Mirrors the dense `forward_single_with_cache` reference (ffn_block.rs:
~165) step-for-step EXCEPT at the FFN block, where it calls
`moe_ffn_forward_layer` (router → top-k expert select → per-expert
SwiGLU → weighted sum → down projection) instead of the dense
gate/up/down dispatch.
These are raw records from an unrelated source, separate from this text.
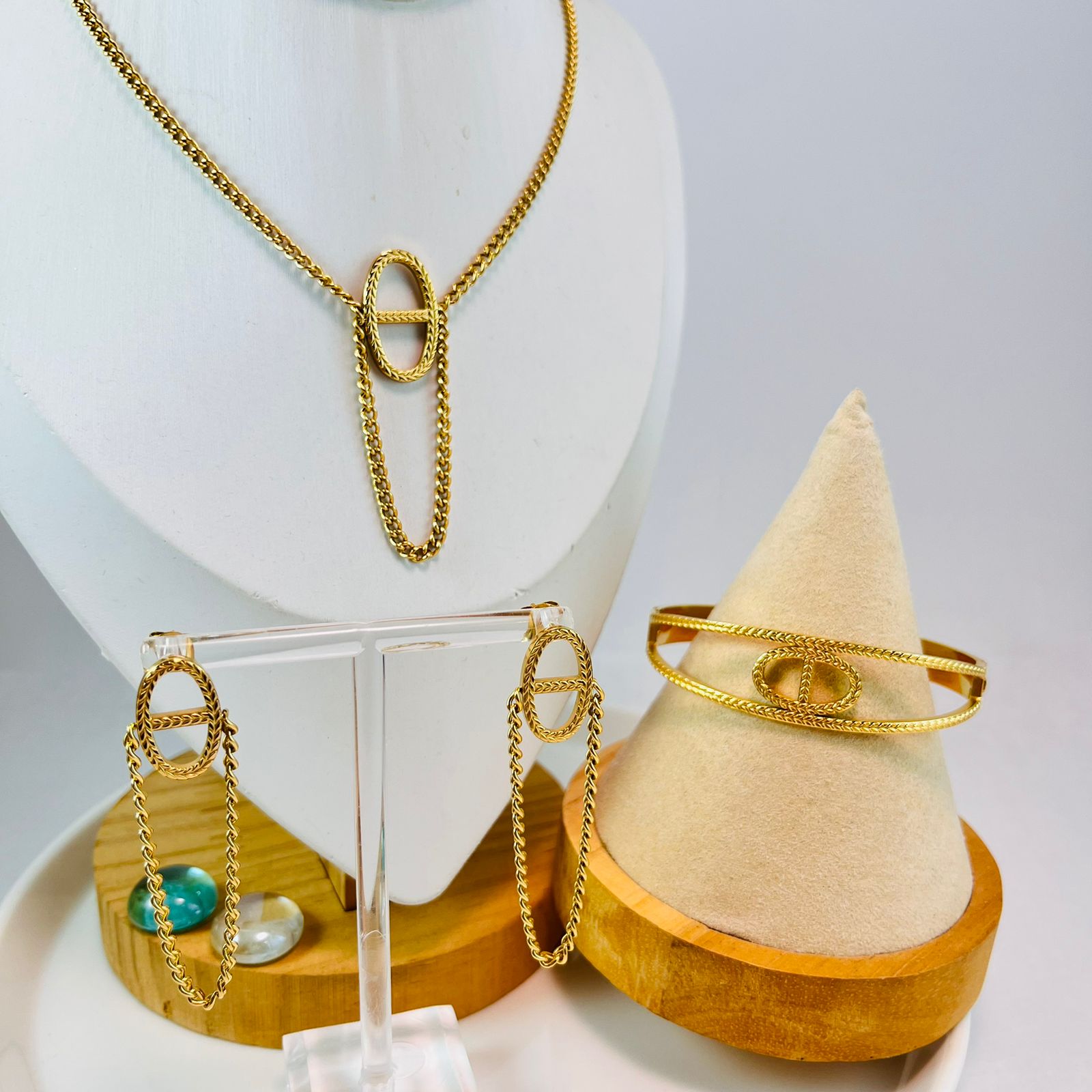 Set dorado Collar dije y argollas c/pedrería
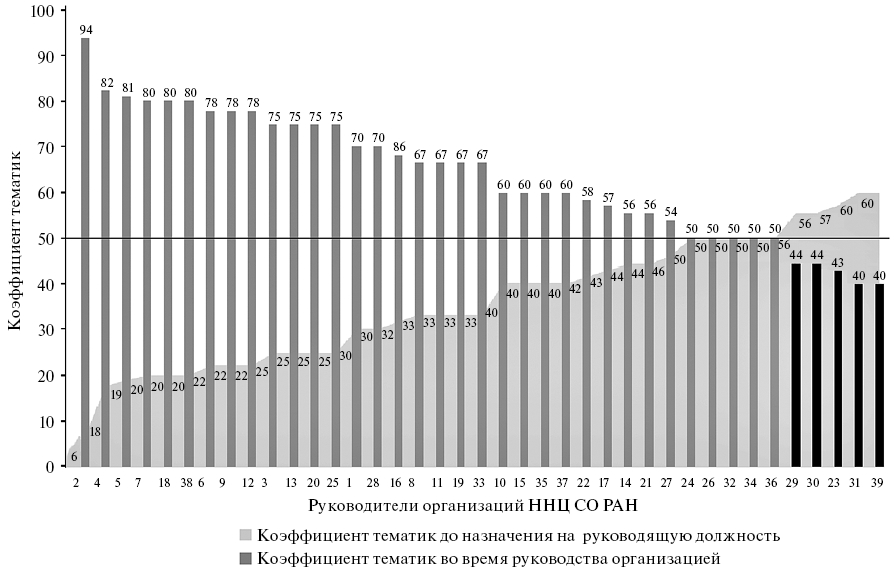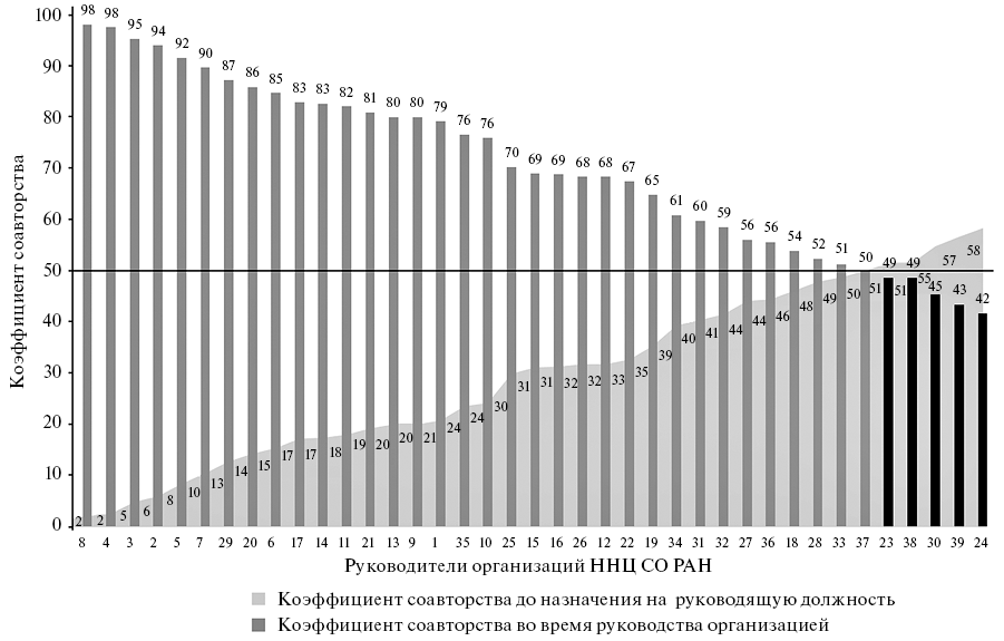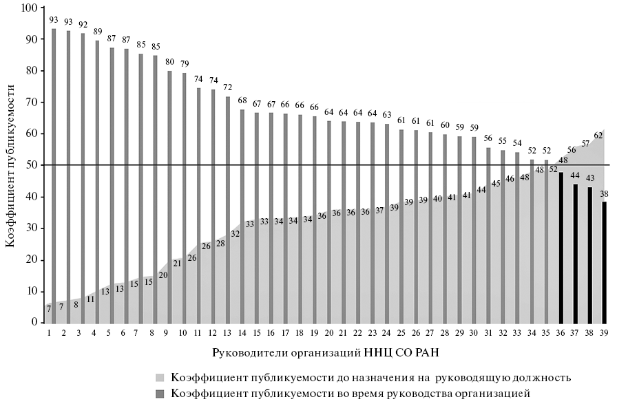 Рис. 1. Коэффициенты публикуемости руководителей организаций ННЦ СО РАН до назначения на руководящую должность и во время руководства организацией
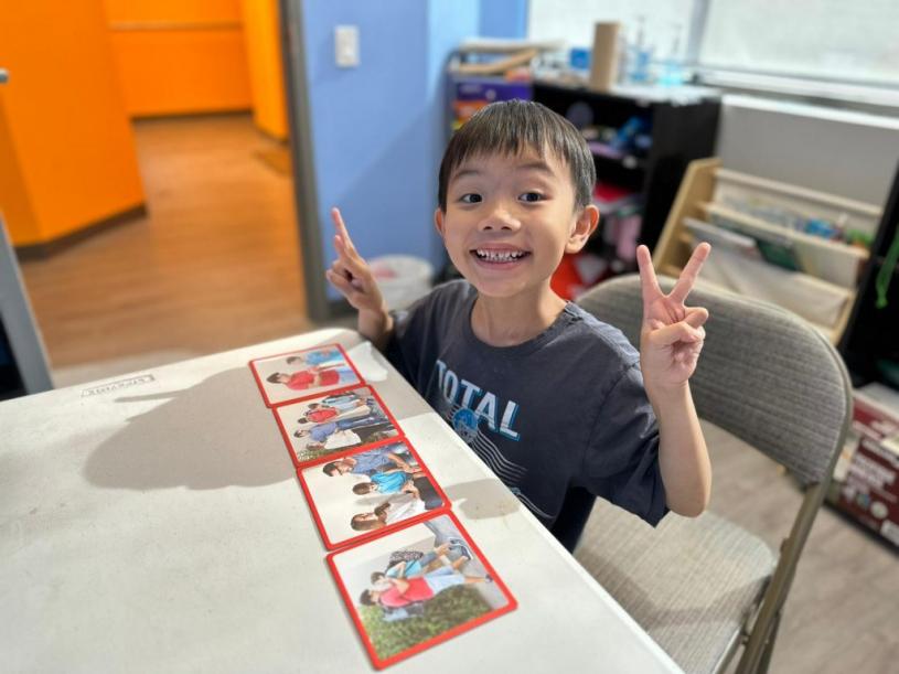 Alvin在智爱中心学习如何表达自己的想法。(Alvin妈妈供相)
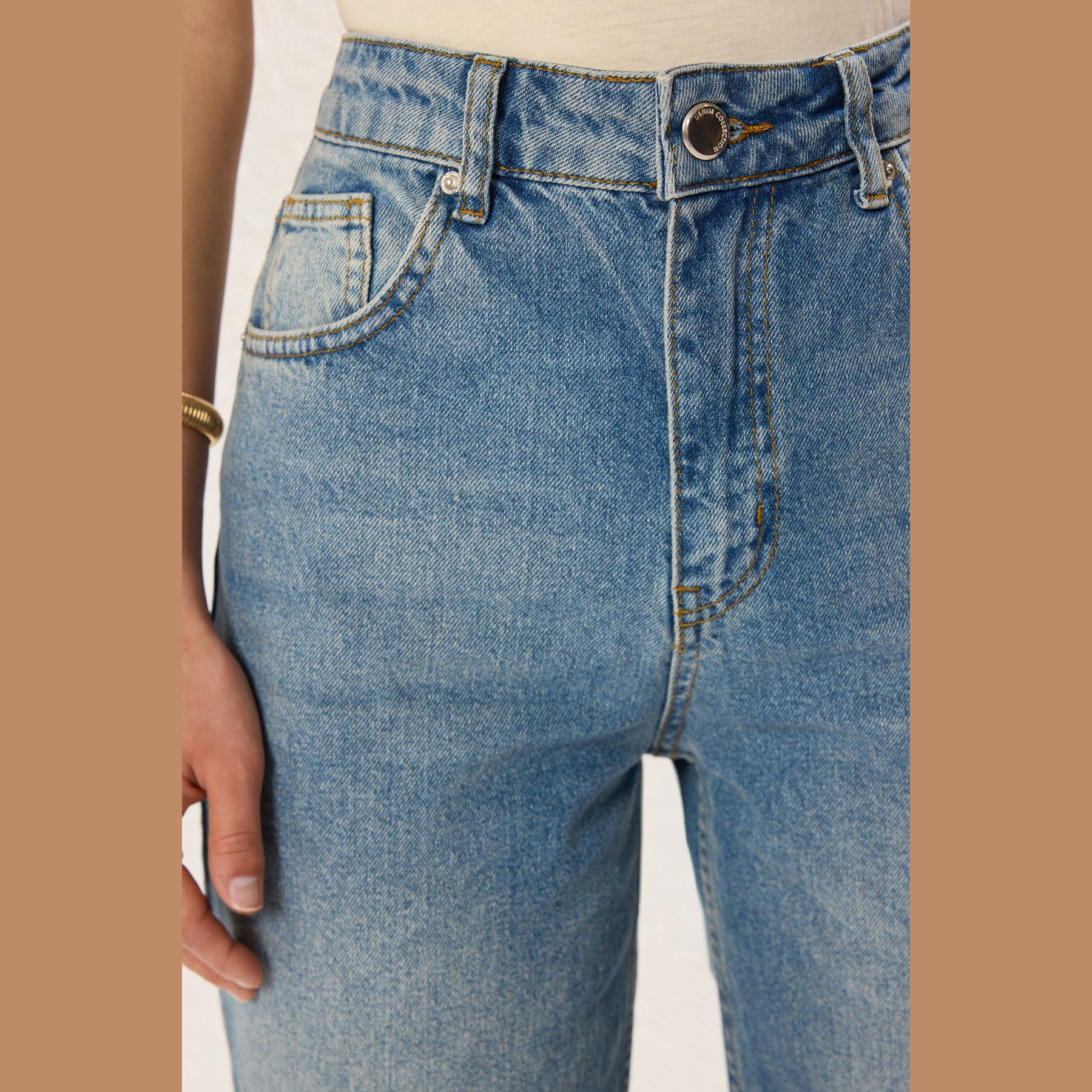 جينز نسائي بلون أزرق (Mavi)، مصنوع من خامة دنيم 100% قطن، يتميز بخصر مرتفع، قصة واسعة (Wide Leg)، وإغلاق بزر وسحاب. تصميم عملي وأنيق يناسب الإطلالات اليومية الكاجوال مع لمسة عصرية.
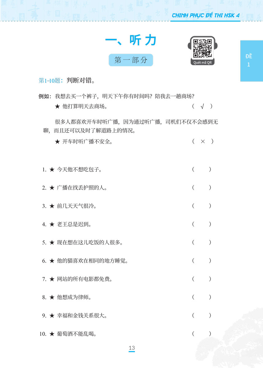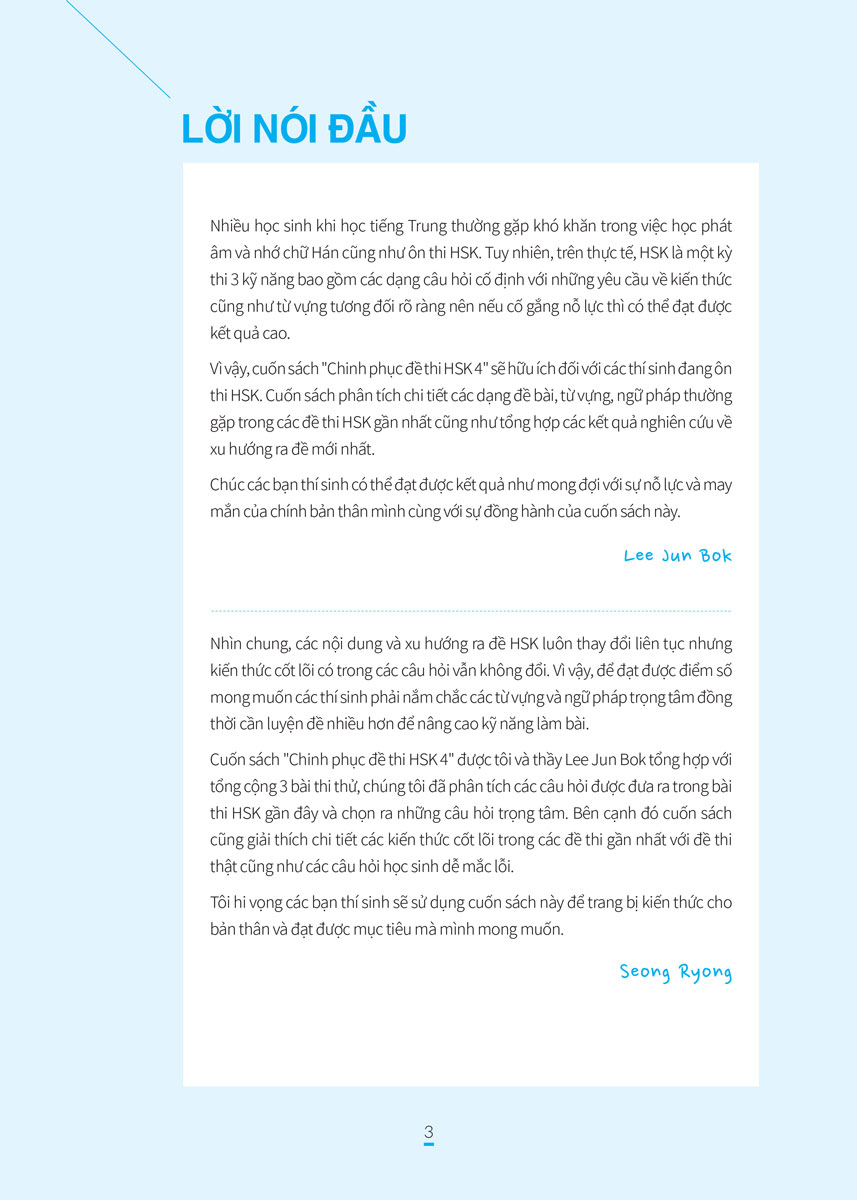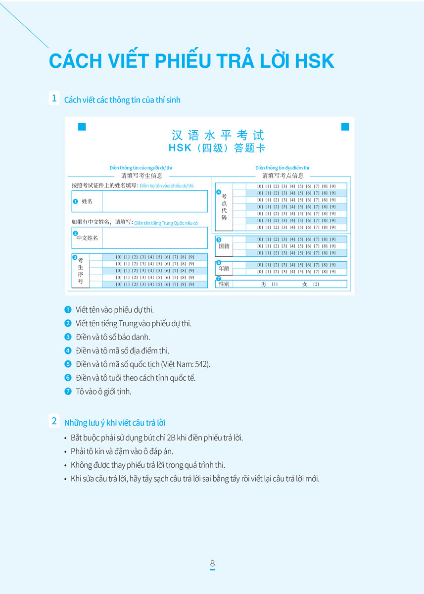 Ở phần đầu sách sẽ giới thiệu về đề thi HSK 4 bao gồm đối tượng dự thi, cấu trúc bài thi và phân bổ thời gian, những lưu ý trong thời gian thi, tiêu chuẩn để đạt yêu cầu và cách viết phiếu trả lời HSK 4

Attention block (QKV proj, per-head Q/K RMSNorm,
RoPE at `position`, GQA-aware cached attention, output projection,
residual) is byte-identical to the dense reference.

**Generate loop rewrite**: `crates/aprender-serve/src/infer/
qwen3_moe_generate.rs::run_qwen3_moe_generate` now:
  1. Allocates `OwnedQuantizedKVCache` sized to
     `max(REALIZR_CONTEXT_LENGTH, prompt_len + max_tokens + 8)`
  2. Prefill: per prompt token, calls
     `forward_single_qwen3_moe_with_cache` (cache fills incrementally;
     final iteration's logits seed decode)
  3. Decode: greedy-argmax → append → next cache-aware forward
  4. Stop on `stop_tokens` or `max_tokens` exhausted or cache full

**Visibility fix**: `single_cache_final_output` in `ffn_block.rs`
bumped to `pub(crate)` so the MoE function can reuse the dense final-
norm + LM head path unchanged. Same edit applied to the orphan
`debug.rs` duplicate for hygiene (it's not in the build graph but mirrors
ffn_block.rs).

## New tests (both `#[ignore]`'d, env-gated)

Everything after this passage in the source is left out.